Open vlerkin opened 2 weeks ago
Hope my feedback was at an angle that helps you at this stage. In any case, well done, keep it going!
p.s. the CI error looks like it could be cause by Kubernetes-specific things having entered into the main api code, which wouldn't work when running with Docker.
Working on Docker implementation to be added to this PR
I have problems because I separated this PR partially and now I have a multiverse which I need to refactor to the only source of truth. Going to spend some uncertain amount of time on that.
The way I would do this:
Of this is much work in many commits, you may consider first doing an interactive rebase of this PR, to simplify it, and reduce the number of commits (that each may need amending).
Yes, this is a bit of work, but something I come across now and then, in various projects. Sorry for the complexity!
Thank you for the advice! I was thinking of dropping the commit with the merging main to this branch, then make the code work so the tests run if needed. Then merging with that other branch that refactored the observer further and make the code of both branches work together and then check if there are any conflicts with main and resolving those. This is a bit longer way than simply redoing the merge with the main branch but I messed up the last one because I lost track of changes, so gradually rebuilding this branch is a bit easier for me.
No worries, this is me who messed up merging, complexity is part of the job:D Learning to make more granular commits and cleaner PRs the hard way:D
I modified one of the methods in the scheduler (get_next_suspended_job_id) to handle cases if a job does not have a creation_timestamp. It is not expected but if someone used a custom resource and forgot to add this field or made any other error, the job will get the timestamp assigned and will be processed like other jobs in the queue.
Also, there are now unit tests that cover different scenarios for the scheduler.

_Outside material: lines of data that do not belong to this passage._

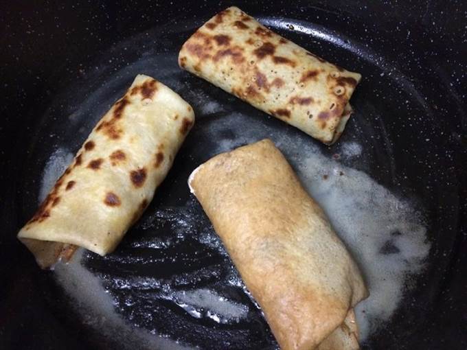 Обжарьте блинчики с мясом с обеих сторон на сливочном масле по 2 минуты.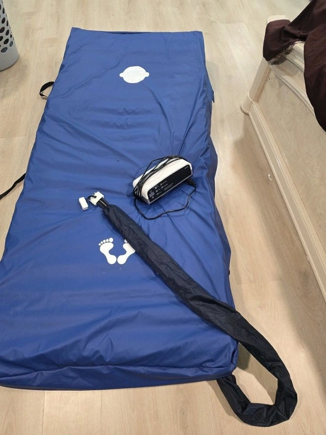 For sale is a new low-air-loss pressure air mattress (brand: vive) and highly customizable digital pump. This item is completely unused… It has only been taken out of the original manufacturers box to be tested. This active-mattress replacement system provides both alternating pressure and low air loss to optimize pressure redistribution, shear/friction reduction, and microclimate control. For home use only. The 16 individual air bladders can be customized to whatever firmness or softness desired for the mattress user via the pump. The dimensions are 36”x 80” and the height is 8”. Message for any questions. A fully electric adjustable bed (with side rails) is also available for extra $300.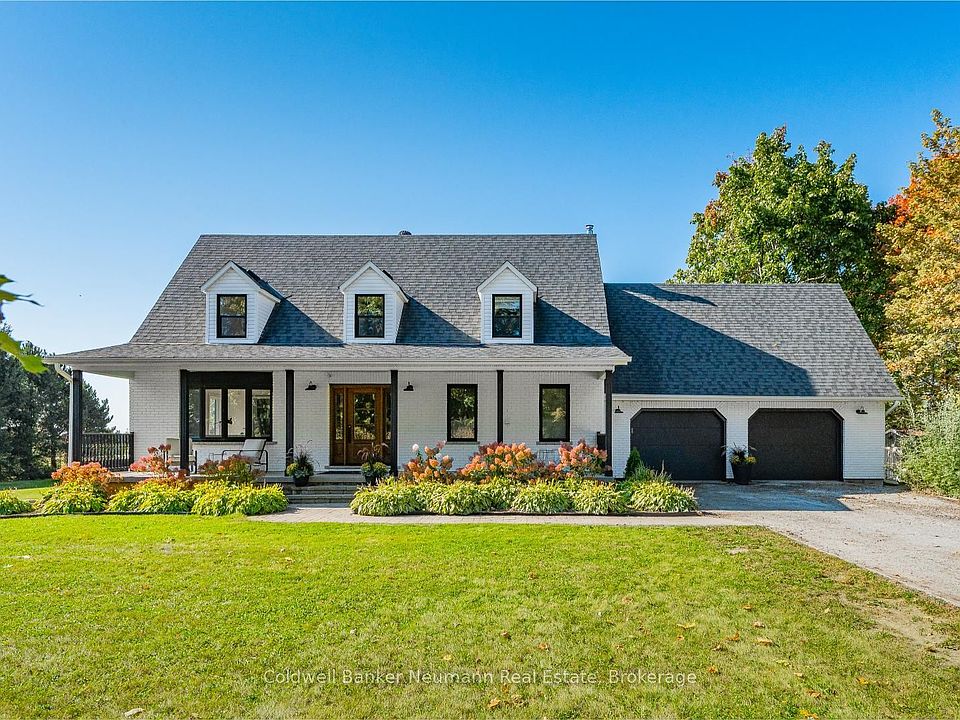 Welcome to your modern farmhouse retreat, surrounded by scenic farmland and offering a peaceful escape from city life. Set on a one-acre lot, this thoughtfully updated home blends contemporary style with everyday functionality.A charming covered porch welcomes you as you arrive, perfect for peaceful moments or greeting family and friends. Inside, you'll find over 2,300 square feet of finished living space, along with a spacious unfinished basement. With 3 bedrooms and 3 fully renovated bathrooms, there is plenty of space to relax or entertain.The main floor offers a flexible layout that includes a bright living room, a separate office (or formal dining or playroom), a cozy family room, and a convenient laundry area. Sunlight pours in through large rear-facing windows, showcasing picturesque views of the private backyard. The entire home has been updated from top to bottom, including brand new flooring throughout in 2023.Upstairs, two generously sized bedrooms, a renovated four-piece bathroom (2018), and a cozy reading nook provide comfortable living space. The spacious primary suite features a walk-in closet, a newly renovated ensuite (2024), and room for a private seating area.Step outside to enjoy a backyard oasis with a newly finished deck (2022), surrounded by mature trees and open farmland. Evenings can be spent around the fire pit while the kids play and swim, creating the perfect summer scene.This home offers rural tranquility with modern updates and is located just minutes from town. Recent upgrades include heat pump (2025) windows, doors, soffits and eaves (2018), fireplace insert, lentil and chimney liner (2019), powder room (2020), well pump (2022), water heater (2023), water softener (2023), washer and dryer (2023), dishwasher (2024), and ensuite bathroom (2024).This is more than just a home. It is a lifestyle designed for comfort, connection and lasting memories.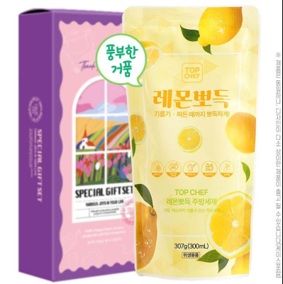 • 탑셰프 레몬뽀득주방세제307리필2P(2종) (상품코드 : W002570)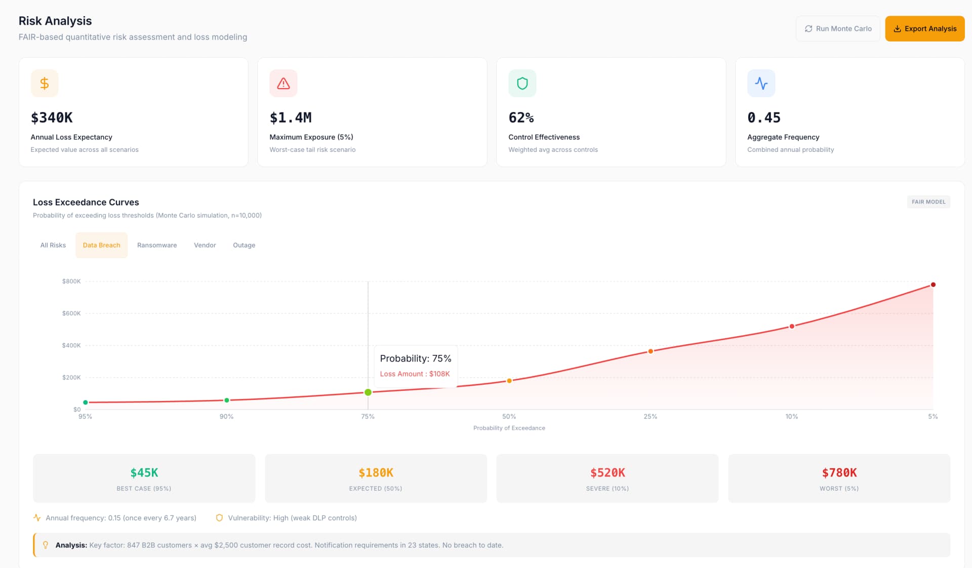 Walk into your next board meeting with answers, not excuses. Quantitative risk analysis powered by FAIR methodology and Monte Carlo simulations. Know your actual loss exposure— best case to worst case—so you can make decisions with real numbers, not gut feelings.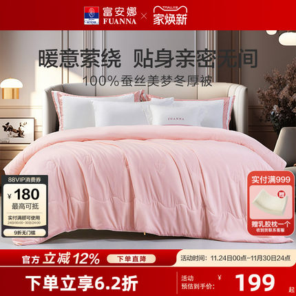 富安娜被子100%蚕丝被四季被子母被二合一儿童被芯双人冬厚被床品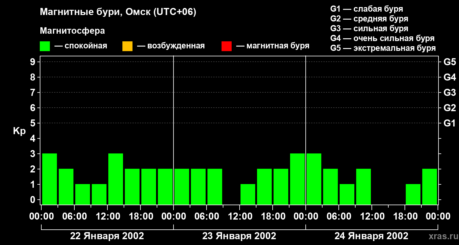 Изменения геомагнитного индекса Kp с 22 по 24 января 2002 года для средних широт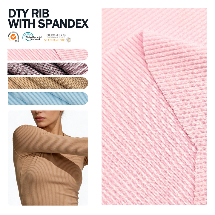 Tissu tricoté côtelé DTY extensible en polyester, élasthanne et Lycra, à rayures personnalisées 1x1, 2x1, 3x2, 2*2, à maille grossière, pour poignets et ourlets

If you have any other comments for improvements, let me know!
What happens in the PR:
The big picture: Event watcher connects to the k8s api and receives the stream of events, it then notifies the subscribers if a new event is received and passes it to the provided callback. The subscriber - KubernetesScheduler - receives event in a handle_pod_event method, this method reacts to the changes in job statuses, and if job completed running or failed it calls another method - check_and_unsuspend_jobs - that checks capacity and unsuspends jobs until the number of allowed parallel jobs is reached, while doing this it relies on another method - get_next_suspended_job_id - to unsuspend the most recent job, to keep the order in which jobs were initially scheduled. When the job is scheduled, based on the number of currently active jobs and max_proc provided in the config (default is 4), the job runs or goes to the queue of suspended jobs (native k8s queue). Then events that change the number of active jobs trigger the logic of KubernetesScheduler class that unsuspend suspended jobs until the desired state (num of parallel jobs) is achieved.